* [ASSIGNMENT] Copying rule for the data below: pictures stay out, and only the lines from the one with "副手:所有元素抗性大幅或者格" down to the one with "喜月批发A类月子服纯棉夏季薄款 孕期产后哺乳喂奶吸汗孕妇睡衣女", inclusive, are repeated exactly.

* [EXCERPTED DATA]

Segment Open

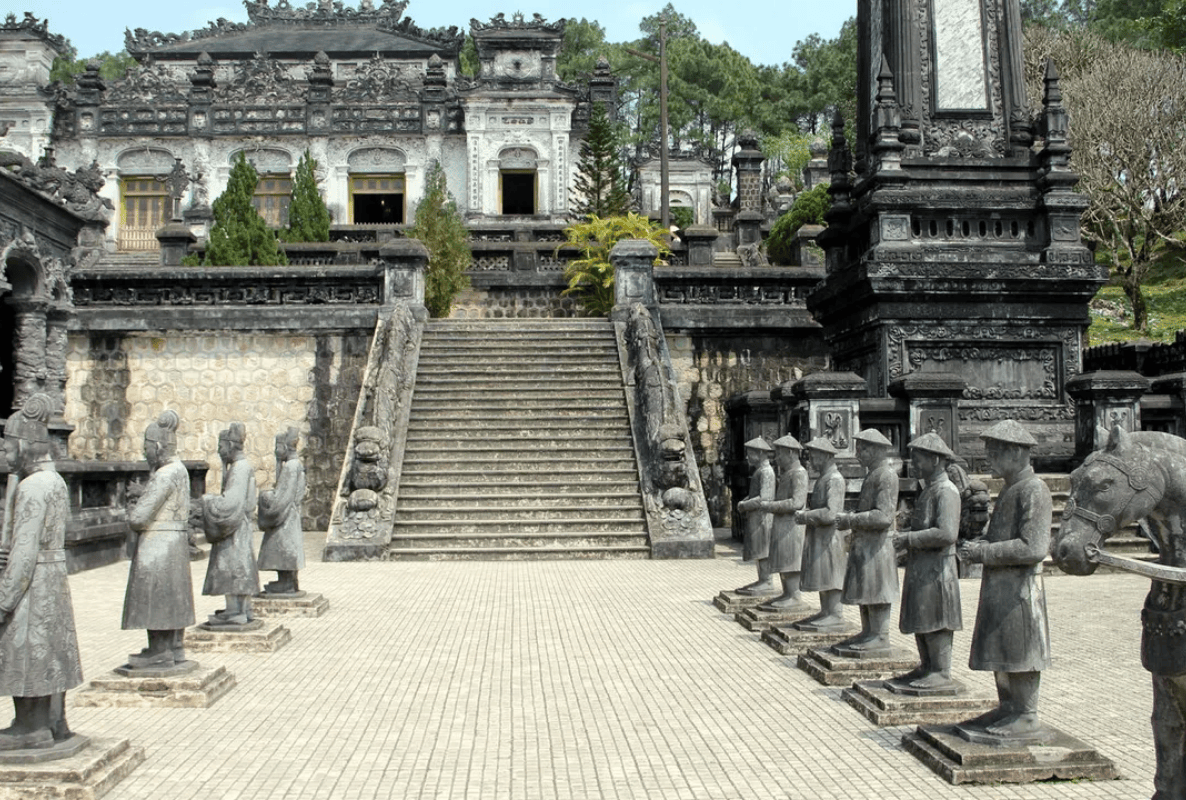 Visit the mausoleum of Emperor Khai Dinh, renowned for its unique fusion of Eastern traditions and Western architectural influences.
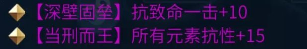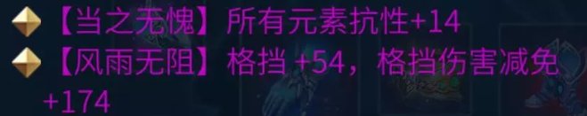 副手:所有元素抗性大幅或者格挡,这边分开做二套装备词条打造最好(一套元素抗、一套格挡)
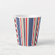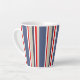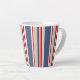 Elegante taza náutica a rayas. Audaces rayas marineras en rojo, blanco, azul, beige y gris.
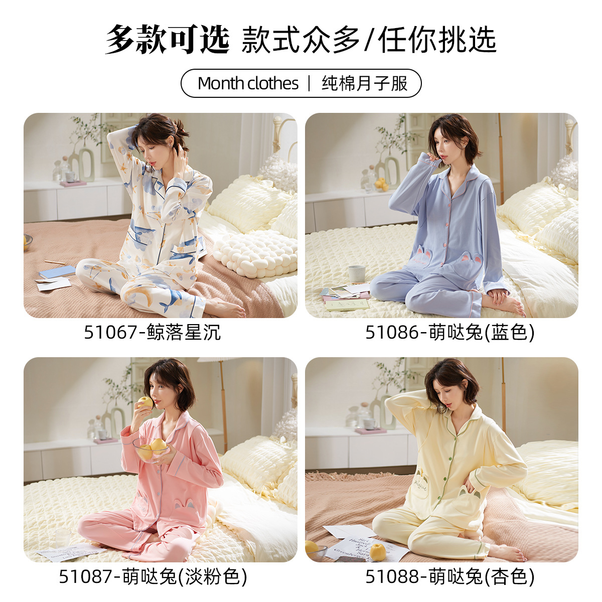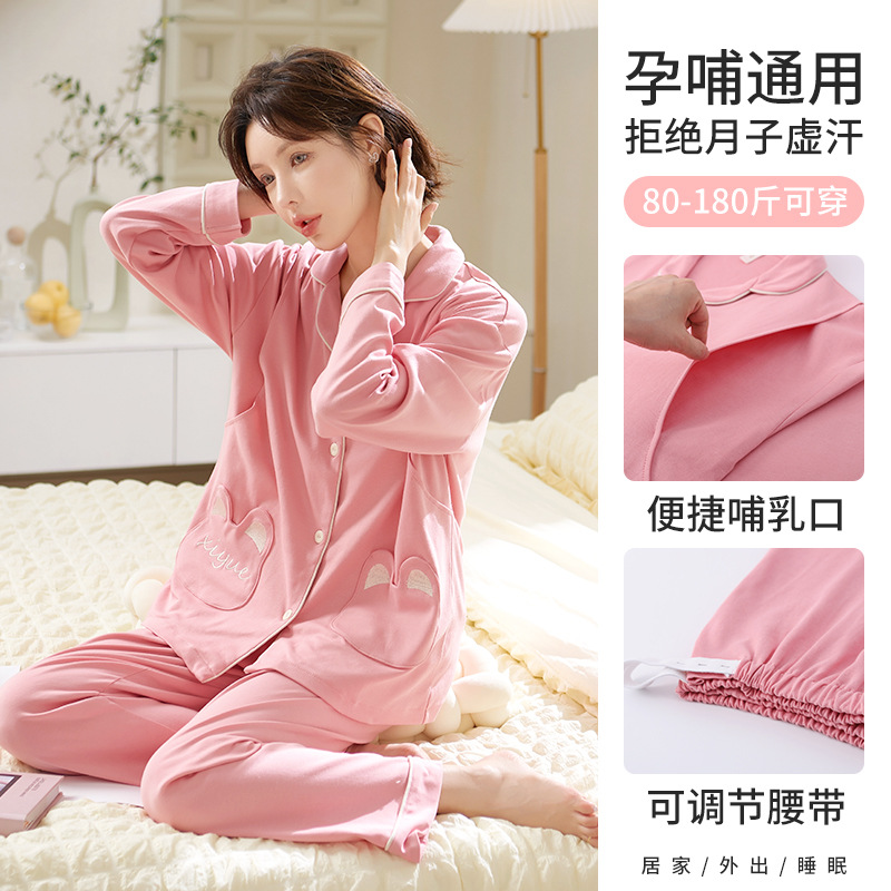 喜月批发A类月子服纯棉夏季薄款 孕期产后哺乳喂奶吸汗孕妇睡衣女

Segment Closed
Segment Open

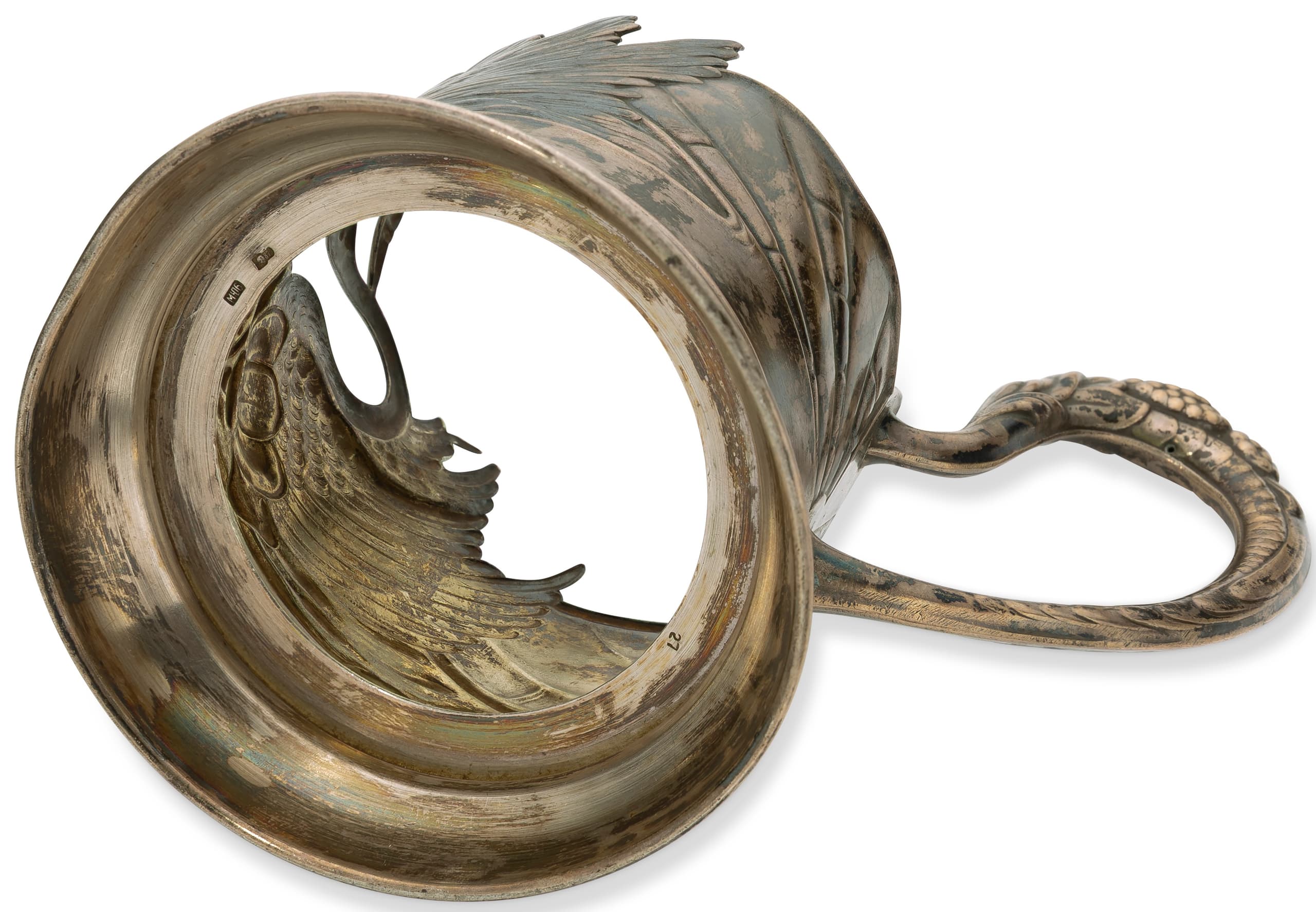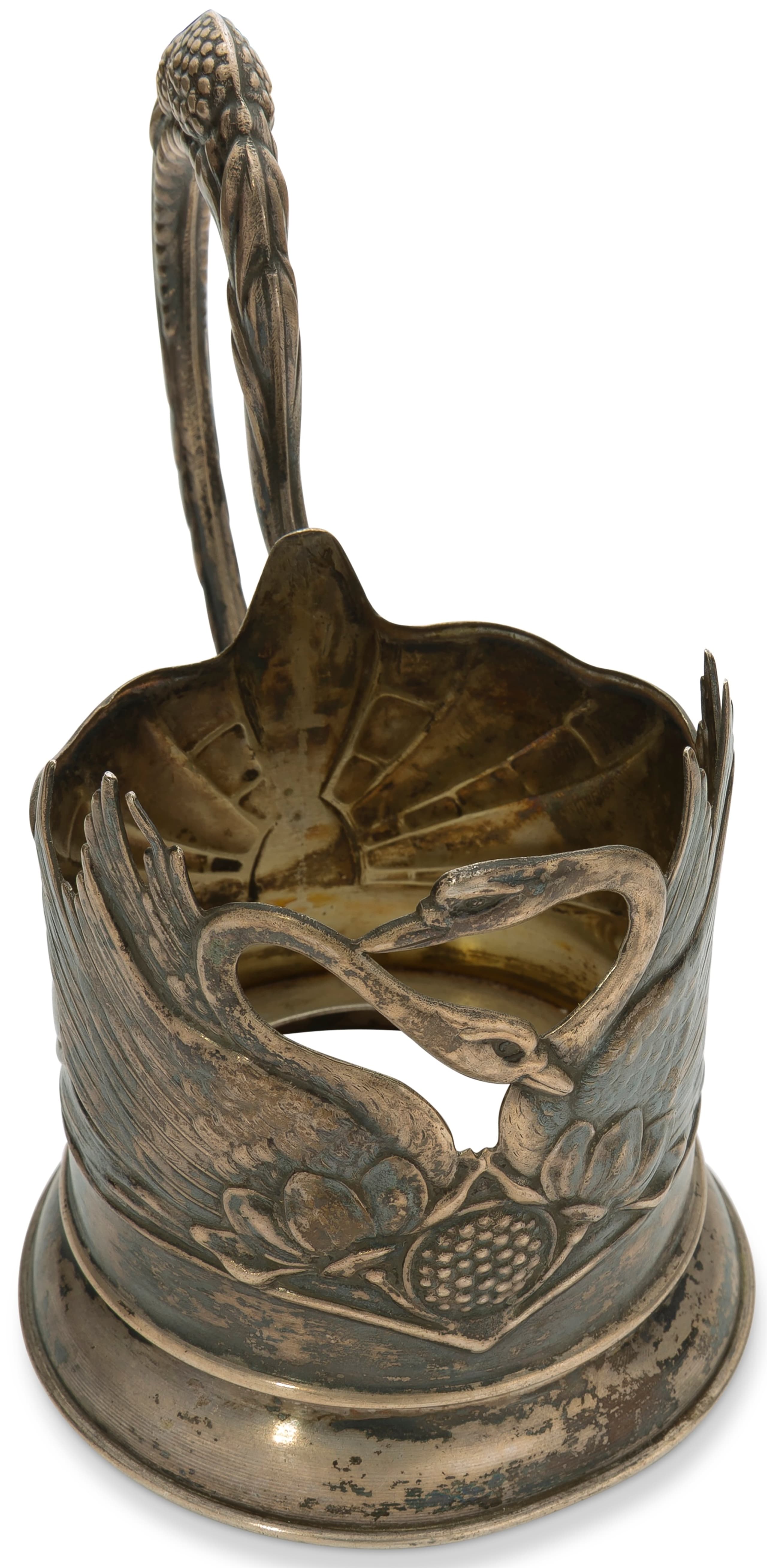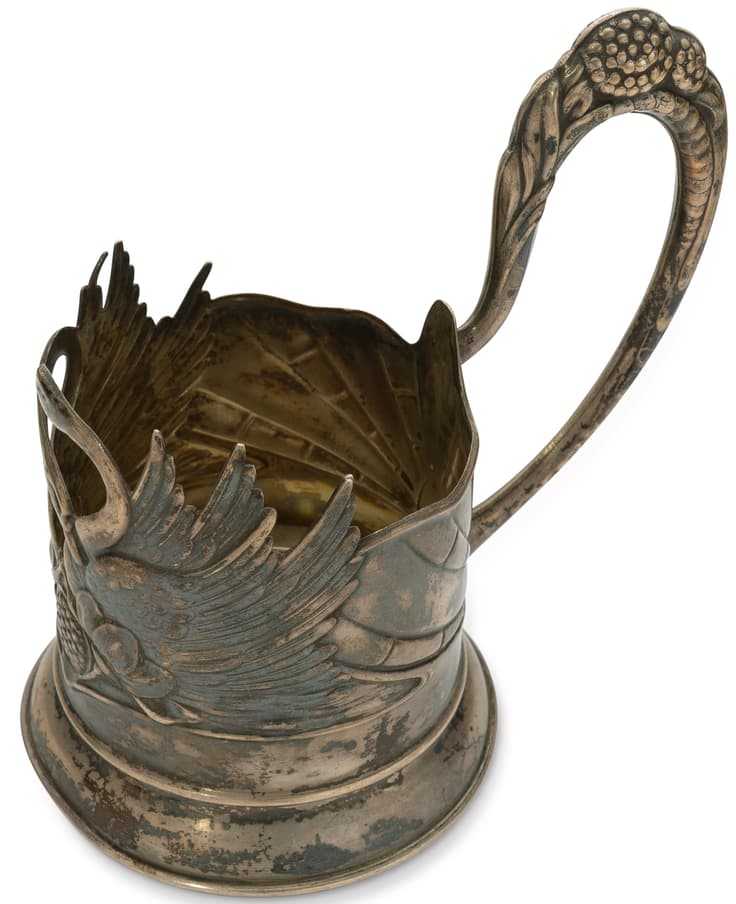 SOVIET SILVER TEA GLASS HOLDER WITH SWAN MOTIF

Segment Closed

* [RESPONSE TO THE EXERCISE]
 副手:所有元素抗性大幅或者格挡,这边分开做二套装备词条打造最好(一套元素抗、一套格挡)
 Elegante taza náutica a rayas. Audaces rayas marineras en rojo, blanco, azul, beige y gris.
 喜月批发A类月子服纯棉夏季薄款 孕期产后哺乳喂奶吸汗孕妇睡衣女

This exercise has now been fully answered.